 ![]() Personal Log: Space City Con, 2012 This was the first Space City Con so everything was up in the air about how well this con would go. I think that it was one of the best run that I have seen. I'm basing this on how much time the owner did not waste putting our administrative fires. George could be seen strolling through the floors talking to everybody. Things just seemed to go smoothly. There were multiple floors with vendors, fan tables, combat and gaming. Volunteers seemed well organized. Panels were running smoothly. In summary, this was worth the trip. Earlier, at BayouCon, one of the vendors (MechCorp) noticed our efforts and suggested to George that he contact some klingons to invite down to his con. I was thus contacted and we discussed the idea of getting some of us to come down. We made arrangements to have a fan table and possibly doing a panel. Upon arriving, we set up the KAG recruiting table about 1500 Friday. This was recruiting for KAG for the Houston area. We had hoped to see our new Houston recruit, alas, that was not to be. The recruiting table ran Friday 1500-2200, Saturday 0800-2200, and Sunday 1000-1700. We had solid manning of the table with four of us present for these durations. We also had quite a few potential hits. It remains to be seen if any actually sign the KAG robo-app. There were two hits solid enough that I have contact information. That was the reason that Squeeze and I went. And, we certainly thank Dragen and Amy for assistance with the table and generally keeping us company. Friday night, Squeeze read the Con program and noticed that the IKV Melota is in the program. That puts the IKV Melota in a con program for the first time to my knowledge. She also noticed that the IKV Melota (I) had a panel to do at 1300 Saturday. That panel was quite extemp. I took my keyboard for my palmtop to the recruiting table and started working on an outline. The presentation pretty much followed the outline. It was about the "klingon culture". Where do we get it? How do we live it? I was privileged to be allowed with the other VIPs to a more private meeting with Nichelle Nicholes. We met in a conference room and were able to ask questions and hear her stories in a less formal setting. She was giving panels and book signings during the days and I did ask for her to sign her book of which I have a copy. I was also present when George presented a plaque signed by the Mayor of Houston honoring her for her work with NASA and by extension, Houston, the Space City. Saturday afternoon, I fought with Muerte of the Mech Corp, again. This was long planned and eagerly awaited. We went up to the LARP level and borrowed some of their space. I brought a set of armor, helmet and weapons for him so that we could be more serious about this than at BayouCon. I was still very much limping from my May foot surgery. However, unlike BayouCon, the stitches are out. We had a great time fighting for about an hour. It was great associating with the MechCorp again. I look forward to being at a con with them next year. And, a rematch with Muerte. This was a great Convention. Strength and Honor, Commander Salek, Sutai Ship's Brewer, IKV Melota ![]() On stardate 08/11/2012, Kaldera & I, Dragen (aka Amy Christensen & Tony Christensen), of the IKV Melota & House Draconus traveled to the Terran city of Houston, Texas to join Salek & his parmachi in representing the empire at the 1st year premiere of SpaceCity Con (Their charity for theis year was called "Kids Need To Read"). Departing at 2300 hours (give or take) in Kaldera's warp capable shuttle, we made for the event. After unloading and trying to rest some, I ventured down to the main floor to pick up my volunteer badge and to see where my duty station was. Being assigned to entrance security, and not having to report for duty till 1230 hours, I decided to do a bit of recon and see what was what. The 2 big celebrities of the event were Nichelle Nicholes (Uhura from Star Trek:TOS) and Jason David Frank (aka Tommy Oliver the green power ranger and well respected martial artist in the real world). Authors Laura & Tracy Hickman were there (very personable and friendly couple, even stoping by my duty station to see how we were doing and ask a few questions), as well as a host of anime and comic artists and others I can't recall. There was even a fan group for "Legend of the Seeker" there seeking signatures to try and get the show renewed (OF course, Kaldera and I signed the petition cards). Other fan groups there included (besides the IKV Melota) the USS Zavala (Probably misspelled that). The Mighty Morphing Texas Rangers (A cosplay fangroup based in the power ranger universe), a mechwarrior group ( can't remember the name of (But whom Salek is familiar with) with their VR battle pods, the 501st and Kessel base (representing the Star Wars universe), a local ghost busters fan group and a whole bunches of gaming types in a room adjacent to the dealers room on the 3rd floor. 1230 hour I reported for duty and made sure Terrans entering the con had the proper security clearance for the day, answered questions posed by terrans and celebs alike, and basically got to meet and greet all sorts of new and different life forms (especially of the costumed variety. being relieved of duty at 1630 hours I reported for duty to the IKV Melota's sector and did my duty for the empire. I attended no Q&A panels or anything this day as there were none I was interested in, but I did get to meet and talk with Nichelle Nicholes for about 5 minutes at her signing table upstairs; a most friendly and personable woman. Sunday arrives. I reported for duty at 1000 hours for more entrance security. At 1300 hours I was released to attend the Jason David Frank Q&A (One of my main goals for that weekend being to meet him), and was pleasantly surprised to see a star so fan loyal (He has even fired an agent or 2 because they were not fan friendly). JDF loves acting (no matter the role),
--
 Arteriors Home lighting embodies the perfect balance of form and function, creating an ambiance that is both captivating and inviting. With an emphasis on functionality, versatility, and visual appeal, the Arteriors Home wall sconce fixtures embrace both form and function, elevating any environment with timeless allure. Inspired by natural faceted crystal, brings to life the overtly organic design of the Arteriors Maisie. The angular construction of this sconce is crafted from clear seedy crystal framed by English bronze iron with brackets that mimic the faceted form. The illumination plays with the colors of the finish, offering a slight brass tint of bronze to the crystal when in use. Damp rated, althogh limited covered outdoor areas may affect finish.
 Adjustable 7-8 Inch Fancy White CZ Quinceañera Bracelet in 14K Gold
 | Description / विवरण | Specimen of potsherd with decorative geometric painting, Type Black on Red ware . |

YOUR OBJECTIVE
In the listing above, locate the line containing "Adjustable 7-8 Inch" and the line containing "Red ware . |", then transcribe both and every line between them verbatim.

WRITTEN ANSWER
 Adjustable 7-8 Inch Fancy White CZ Quinceañera Bracelet in 14K Gold
 | Description / विवरण | Specimen of potsherd with decorative geometric painting, Type Black on Red ware . |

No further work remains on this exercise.